My apologies for this last bout of WineTestBot brokenness.
It all started when the VM host froze late last Friday and could not be remotely rebooted. So Newman power-cycled it Monday morning. He also suggested upgrading the kernel in the hope that this would avoid further crashes which I agreed to. Then I decided to upgrade to QEMU 1.7 in the hope of fixing the Dr6 ntdll:exception failures, or at least be in a better position to do so. Of course that entails redoing all the live VM snapshots (1) but I was prepared to do so. Then things went south.
The issues ----------
I initially ran into some SELinux incompatibilities and then into QEMU/Libvirt incompatibilities (2). Then the VMs were suspending after a few seconds which turned out to be because the disk was full. My fault: I keep too many VM backups so the new VM backups I created finished filling it. That corrupted some VMs which, ironically, I was able to restore from backup after deleting older backups. Now the host now has a sane amount of free disk space and monitor it closely.

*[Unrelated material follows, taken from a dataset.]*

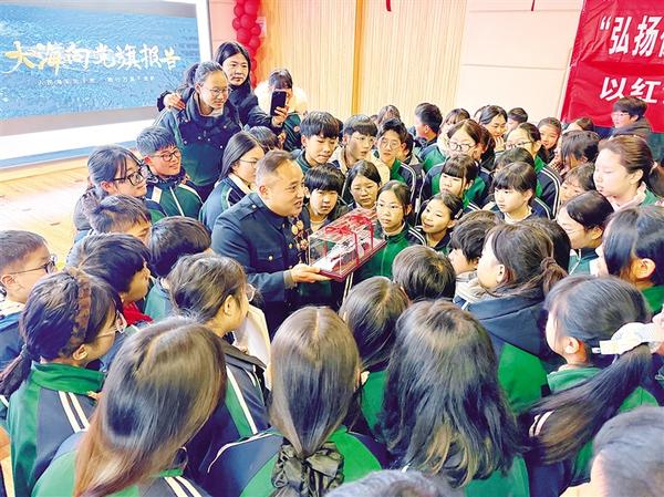 近日,退役軍人張千在商水縣第一高級(jí)中學(xué)的講臺(tái)上為學(xué)生講述人民海軍從無到有、由弱變強(qiáng)的壯闊征程。

But the real problem is that now the VMs get corrupted after a bit of use. This manifests through a couple of symptoms: * Sometimes the build VM will detect EXT4 filesystem corruption, remount '/' as read-only and obviously stop working properly. * Sometimes no filesystem corruption is detected but the content of files gets corrupted. For instance this is what caused all the 'Missing build status line' errors when half of the WineTestBot Build.pl sscript got lost. I suspect this also caused a round of build failures related to memcmp() being missing. * Sometimes the wtbbuild ends up at the grub prompt and complains that it cannot find the filesystem. Since these are live snapshots this is presumably preceded by a crash+reboot of the guest. * Sometimes, after qemu has been properly stopped, a 'qemu-img check' finds a lot of errors. Sometimes not despite the VM being broken. * The Windows 2000 VM also sometimes goes south: it resets and fails to reboot complaining some checksum is corrupted (probably that of the Windows boot loader).
Of course QEMU behaves while I'm updating a VM's live snapshot. It's only after I've spent time doing so and creating a backup that it break the VM (thus also casting doubt into the trustworthiness of the new backup).
Further compounding the problems, once the WineTestBot is on a tear compiling a bunch of patches on the lone build VM it's unstoppable (3). It also tends to get stuck whenever I restart libvirt or the VM host (a known issue I was working on before this episode).
The strange thing is that QEMU 1.7 seems to work fine on my test environment. However it now appears that QEMU has at least three very different codepaths: * User-mode emulation which is slow and should not be used. * kvm_intel, uses the Intel VMX instructions, is used on my (Intel) test environment, has the icebp bug, but seems to otherwise be reliable. * kvm_amd, uses the AMD SVM instructions, is used by the WineTestBot's (AMD) VM host, has the Dr6 bug, and has been unreliable since last weekend.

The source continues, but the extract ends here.